* **WORK INSTRUCTIONS**
Where the records below begin, start copying, and stop after the line that contains "为检验军训的阶段训练成果,展"; reproduce every line exactly but omit pictures.

* **Items from a data source**
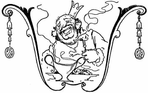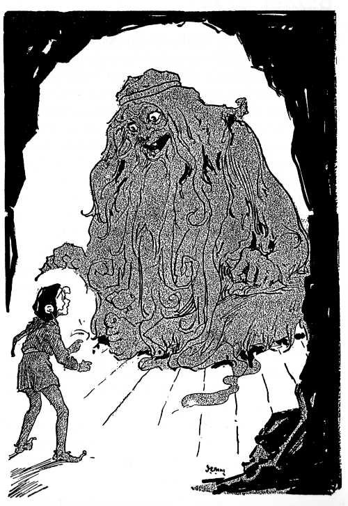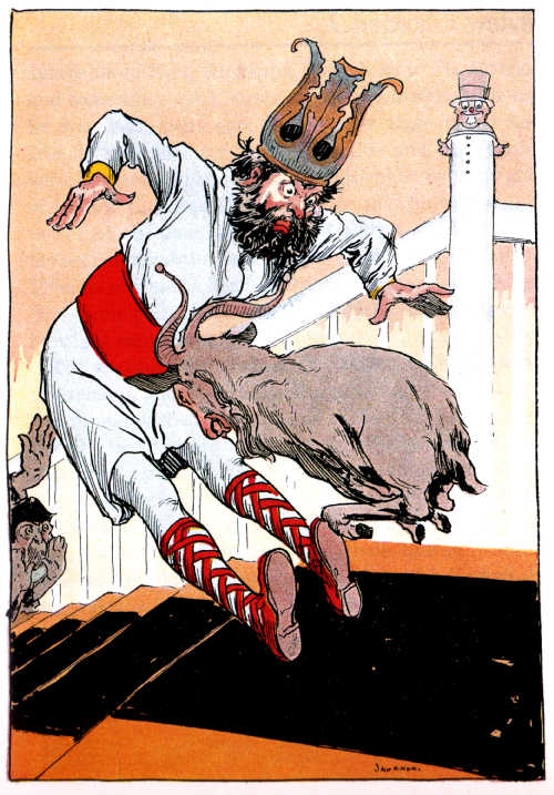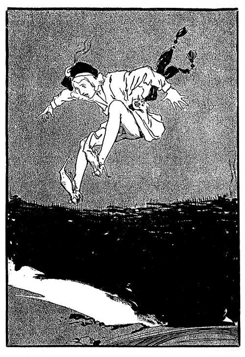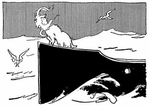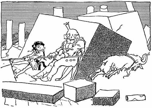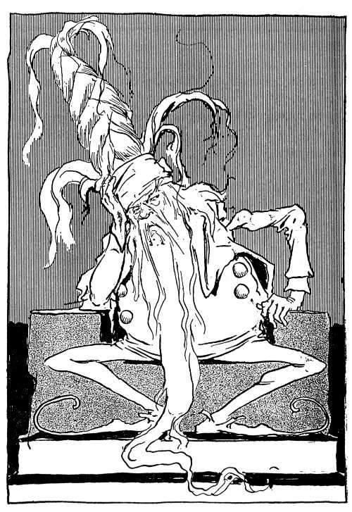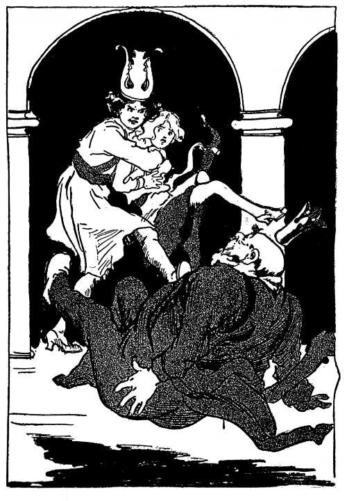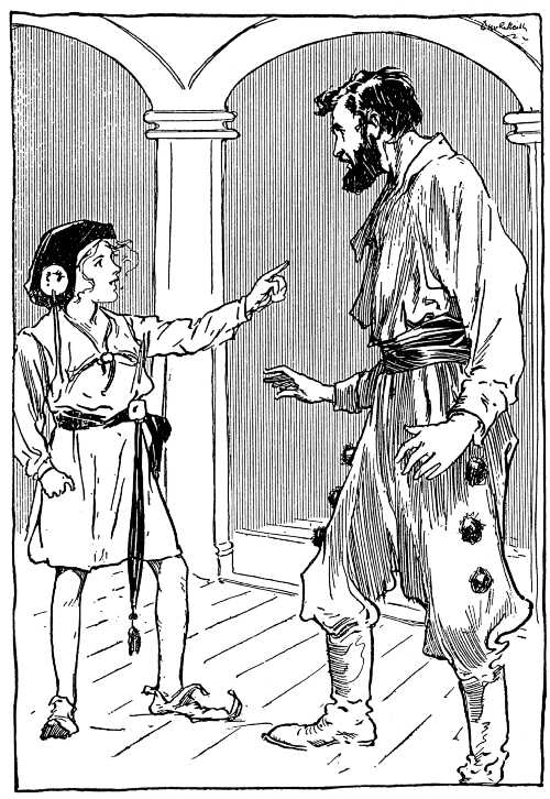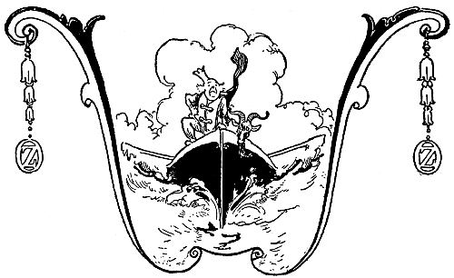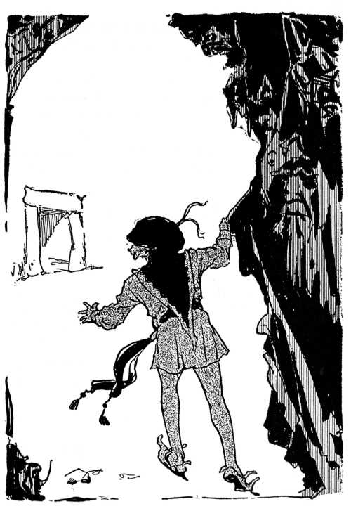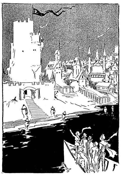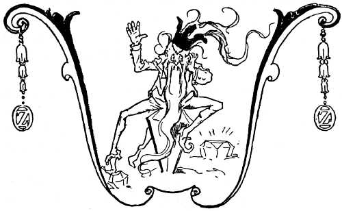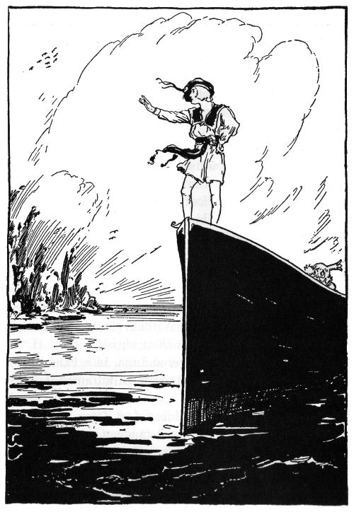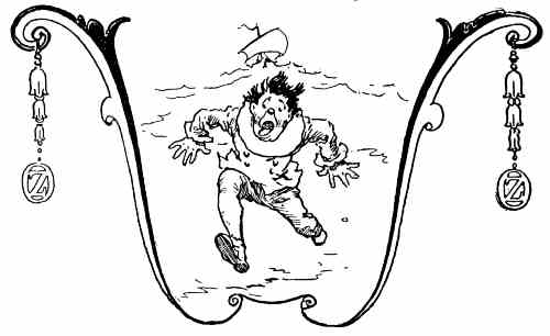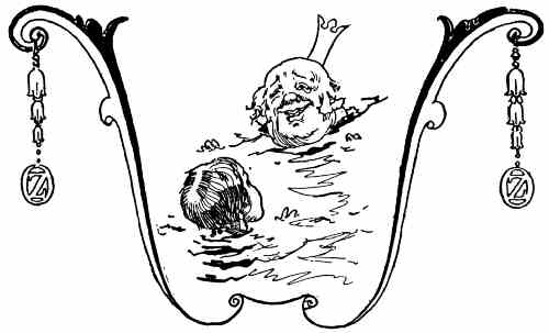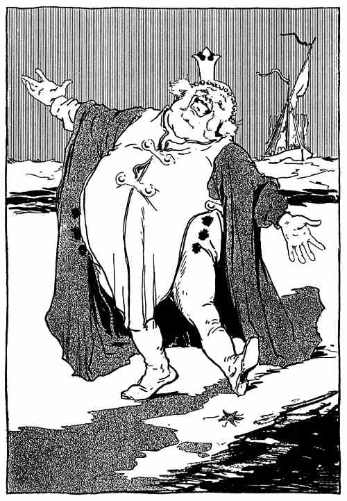 The prow of the boat grounded on the beach, stopping its speed so suddenly that the little man was caught unawares and nearly toppled headlong into the sea. But he managed to catch hold of the chair with one hand and the hair of one of his rowers with the other, and so steadied himself. Then, again waving his jeweled cap around his head, he cried in a merry voice:
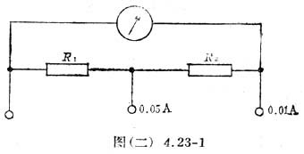 对0.05A量程表,电表等效电阻R′g=Rg+R2,由于Rg>>R2,所以可认为R′g=Rg,分流电阻R=R1。
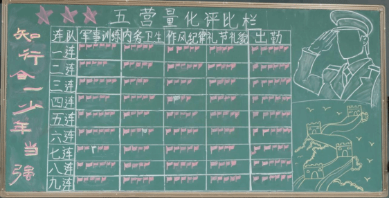 为检验军训的阶段训练成果,展现参训学生良好精神面貌,电子信息学院开设军训量化评比栏,从各个方面展现学生风采。各连力争上游,争当第一。评比栏展现出纽约国际官网学子们朝气蓬勃和积极拼搏的精神风貌,见证着他们的成长与进步。
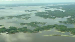 Lake Murray is the largest lake in Papua New Guinea (PNG), covering an area of about 700 sq. miles (though it shrinks and expands dramatically with the dry and rainy seasons). The lake’s serpentine shoreline creates many mysterious inlets and remote swampy coves. About 5,000 indigenous peoples inhabit this lake region in western PNG. Tribal villages dot the many small islands and lake shoreline, sporting houses on stilts and featuring dugout canoes as the main means of transportation.
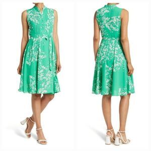 🔸️Nanette Lapore Green Lyst Floral Print Pintuck Sleeveless Dress Size 10
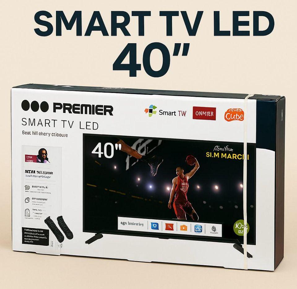 Oferta de smart tv marca Premier, 40 pulgadas, viene con 2 controles remotos, 1 caja decodificadora y el soporte para ajustar a la pared.
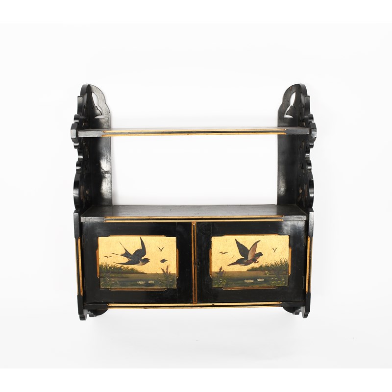 A small Aesthetic Movement hanging wall cabinet, rectangular two door compartment, painted with panels of birds flying, swallows and a kingfisher, over a river landscape, in colours on a gilt ground, under two shelves, unsigned, 58cm. wide. 65cm. high
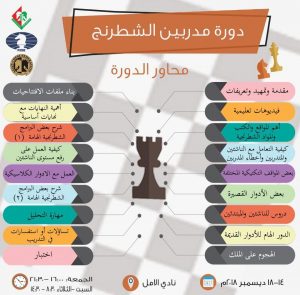 تنطلق يوم غد الجمعه دورة مدربي الشطرنج الاسيوية لمدربي الشطرنج على مستوى السلطنه للفتره من 14-18 من الشهر الجاري .
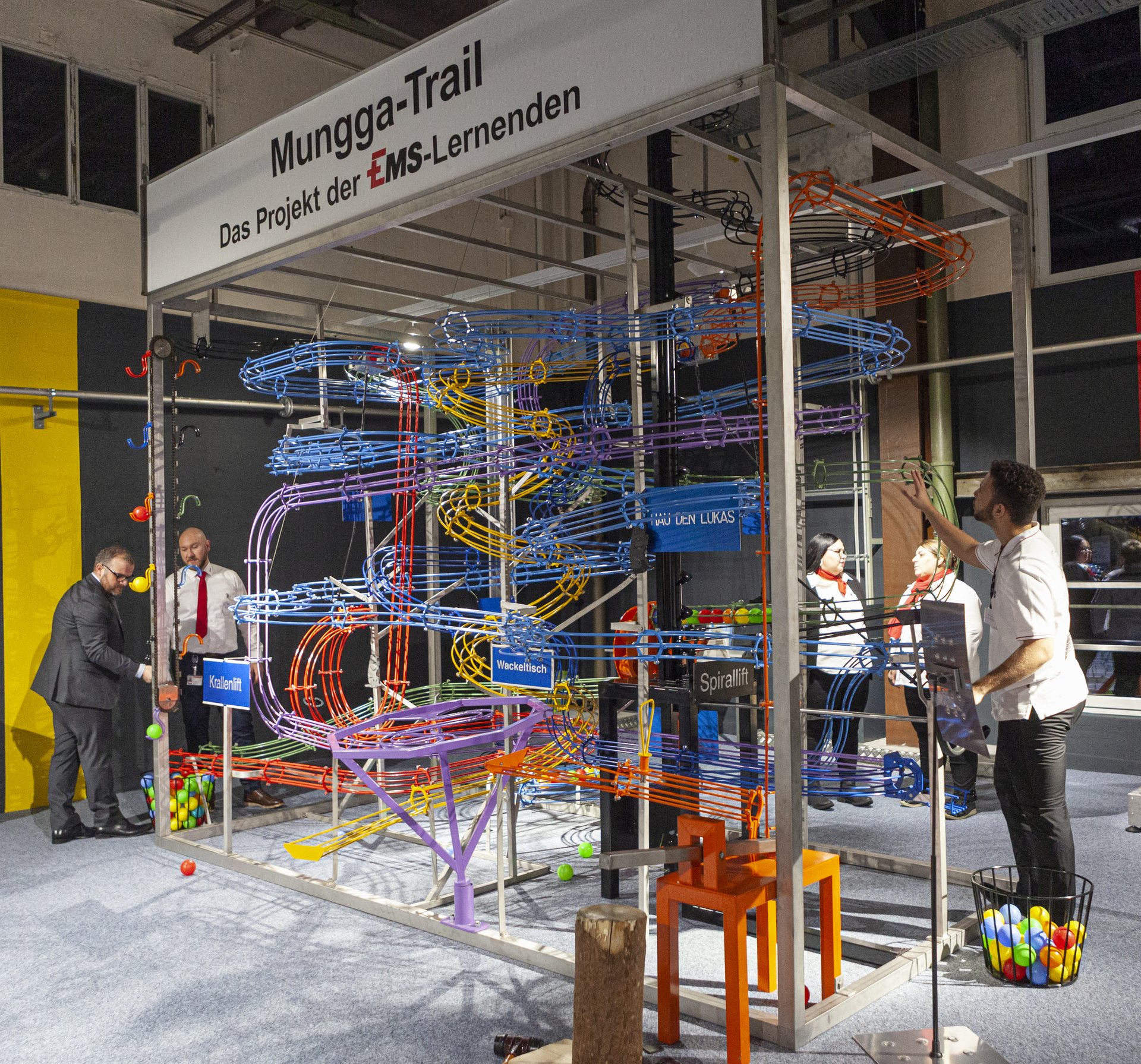 Verpflegt wurden die Gäste gleich von den Lernenden selber, welche aus der EMS-Labor-Bar geheimnisvolle Drinks ausschenkten. Beim nachfolgenden Besuch des EMSORAMA konnten sich die Gäste dann gleich persönlich von Naturwissenschaften und Technik begeistern lassen. So wurde an der neuen Riesenkugelbahn "Mungga-Trail", dem "Torbogen" oder der "Impulsschleuder" fleissig experimentiert, gestaunt, bewundert und gelacht. Irgendwo und irgendwie ist halt jeder auch ein "Lehrling"…
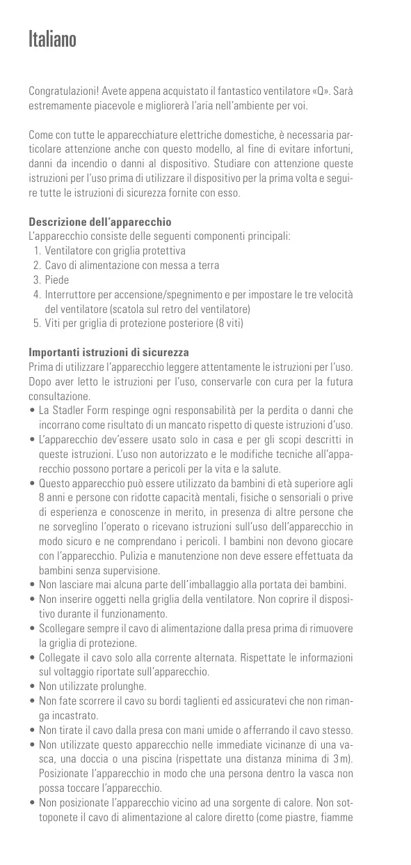Importanti istruzioni di sicurezza Prima di utilizzare l'apparecchio leggere attentamente le istruzioni per l'uso. Dopo aver letto le istruzioni per l'uso, conservarle con cura per la futura consultazione + La Stadler Form respinge ogni responsabilità per la perdita o danni che incorrano come risultato di un mancato rispetto di queste istruzioni d'uso L'apparecchio dev'essere usato solo in casa e per gli scopi descritti in queste istruzioni. L'uso non autorizzato e le modifiche tecniche all'appa- recchio possono portare a pericoli per la vita e la salute. Questo apparecchio puè essere utilizzato da bambini di età superiore agli 8 anni e persone con ridotte capacità mentali, fisiche o sensoriali o prive di esperienza e conoscenze in merito, in presenza di altre persone che ne sorveglino l'operato o ricevano istruzioni sull'uso dell'apparecchio in modo sicuro 8 ne comprendano i pericoli. | bambini non devono giocare con l'apparecchio. Pulizia e manutenzione non deve essere effettuata da bambini senza supervisione. Non lasciare mai alcuna parte dell'imballaggio alla portata dei bambini Non inserire aggetti nella griglia della ventilatore. Non coprire il disposi- tivo durante il funzionamento. Scollegare sempre il cavo di alimentazione dalla presa prima di rimuovere la griglia di protezione. Collegate il cavo solo alla corrente alternata. Rispettate le informazioni sul voltaggio riportate sull'apparecchio Non utilizzate prolunghe. Non fate scorrere il cavo su bordi taglienti ed assicuratevi che non riman- ga incastrato. Non tirate il cavo dalla presa con mani umide o afferrando il cavo stesso. Non utilizzate questo apparecchio nelle immediate vicinanze di una va- sca, una doccia o una piscina (rispettate una distanza minima di 3m) Posizionate l'apparecchio in modo che una persona dentro la vasca non possa toccare l'apparecchio. Non posizionate l'apparecchio vicino ad una sorgente di calore. Non sot- toponete il cavo di alimentazione al calore diretto (come piastre, fiamme
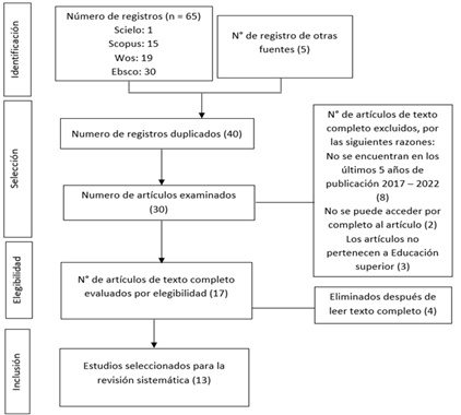 Se excluyeron los siguientes tipos de artículos aquellos que no estaban relacionados con la educación superior, artículos incompletos o aquellos que solo presentaban resúmenes, y artículos duplicados.
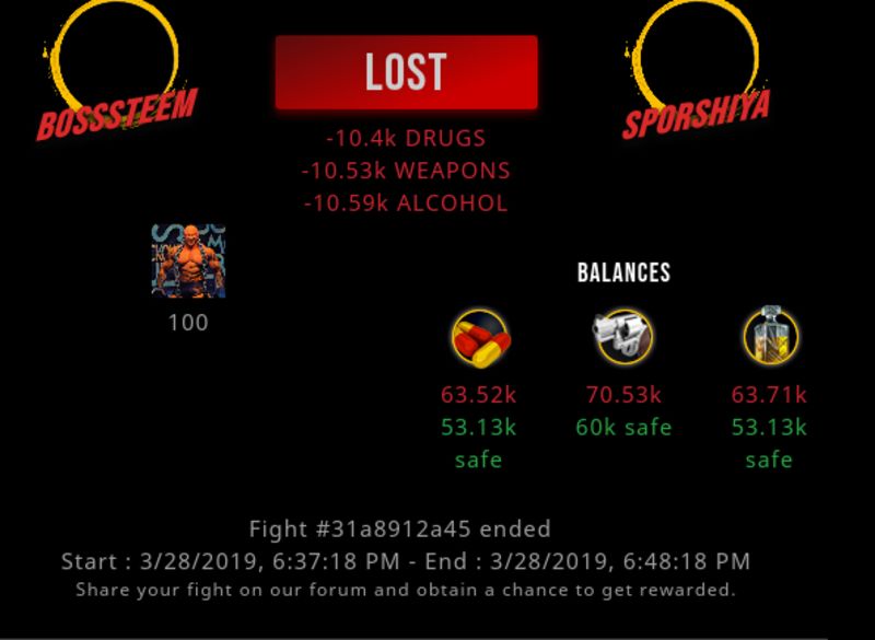 Check my latest fight ! bosssteem vs sporshiyasporshiya (48)in #drugwars-fight • 7 years ago #gaming #fight #dw
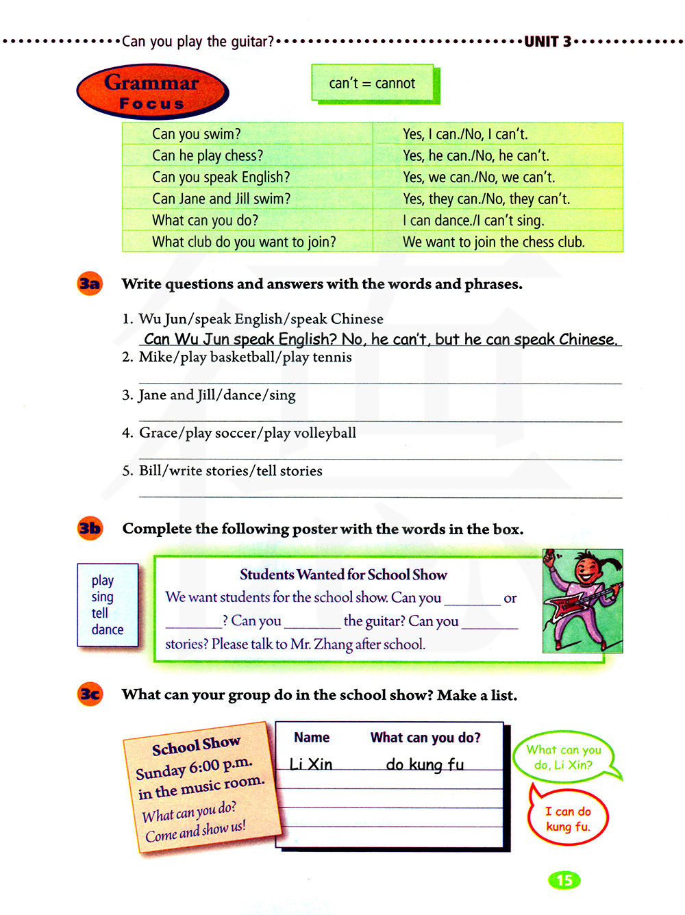 你会做什么?我会跳舞。我不会唱歌。你们想参加什么俱乐部?我们想参加象棋俱乐部。

* **RESULT OF THIS EXERCISE**
 The prow of the boat grounded on the beach, stopping its speed so suddenly that the little man was caught unawares and nearly toppled headlong into the sea. But he managed to catch hold of the chair with one hand and the hair of one of his rowers with the other, and so steadied himself. Then, again waving his jeweled cap around his head, he cried in a merry voice:
 对0.05A量程表,电表等效电阻R′g=Rg+R2,由于Rg>>R2,所以可认为R′g=Rg,分流电阻R=R1。
 为检验军训的阶段训练成果,展现参训学生良好精神面貌,电子信息学院开设军训量化评比栏,从各个方面展现学生风采。各连力争上游,争当第一。评比栏展现出纽约国际官网学子们朝气蓬勃和积极拼搏的精神风貌,见证着他们的成长与进步。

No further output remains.